Cast of Characters: Roy Harper, Gabby Kinney




Roy Harper has posed:
Roy has had a rough 48 hours. Last night there was a Roost-wide medical alert because he almost, you know, died from an interdimensional infection. If Phoebe hadn't been on site, who knows what would have happened. Nothing good, that's for sure. So he's taking a well-deserved night off from patrol.

He walks into the rec room carrying only two things: a large bucket of KFC chicken and a two-liter bottle of Cherry Pepsi. That's it. He's just eating two things. That's not bad, right? He strides over toward one of the beanbag chairs. If anyone else is in the room, he doesn't notice.
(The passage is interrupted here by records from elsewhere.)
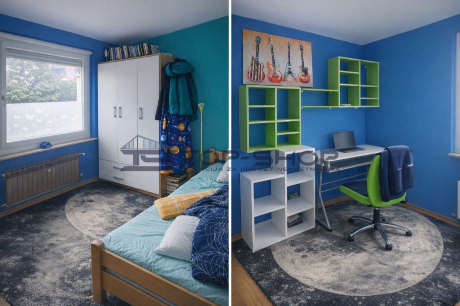 Stan raspolaže s dvije spavaće sobe i funkcionalnim rasporedom prostorija, što ga čini pogodnim za razne potrebe stanara. U stanu se nalazi i potpuno opremljena kuhinja, dnevni boravak, dva toaleta, te dodatna prostorija koja može poslužiti i kao spavaća soba.
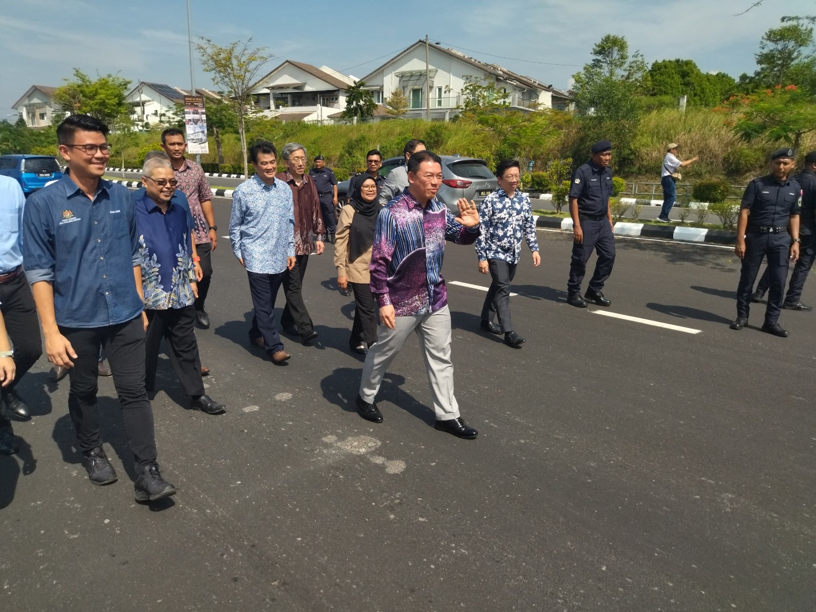 Kor Ming (tengah) melambai tangan semasa berjalan di jalan utama Bandar Seri Botani selepas merasmikan jalan itu di Ipoh hari ini.
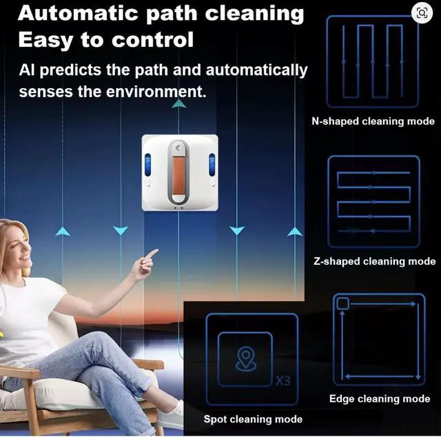 High-Power 7000 Pa Suction for Secure Vertical CleaningCleaning vertical glass requires strong stability.
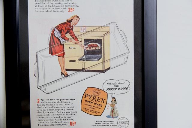 LIFE誌のヴィンテージ広告を額装したアートフレーム。PYREXが当時、結婚祝いのギフトのために出していた広告。
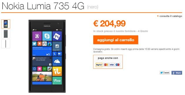 Orange propone lo smartphone Nokia Lumia 735 4G al prezzo di 204,99 euro per tutti e a 194,99 per i nuovi clienti che utilizzano il buono di cui sopra. Il Lumia 735 è uno smartphone pensato per chi ama farsi i selfy grazie alla sua fotocamera frontale da 5 megapixel con obiettivo grandangolare e apertura f/2.4, che non solo permette di catturare immagini nitide e vivaci, ma anche di includere nello scatto uno sfondo più ampio rispetto ad una fotocamera normale.

He's been preoccupied and now he's got food.

Gabby Kinney has posed:
Gabby Kinney was already in the room with a rather large bowl of popcorn settled on her lap. Beside her is a bottle of Christmas Coca-Cola (It tastes different, she swears~) and a fancy wine glass which she pours it into when needed. Every now and then there was no harm in being fancy. Even if it was just to drink soda.

Sitting cross legged on the floor with her back propped up by the couch it's easy to have missed her at first even if one weren't exhausted. As it is, she glances up at Roy as he walks in peering at the bleary eyed redhead with amusement. Just as he moves to sit she lifts the TV remote to flick through some stations.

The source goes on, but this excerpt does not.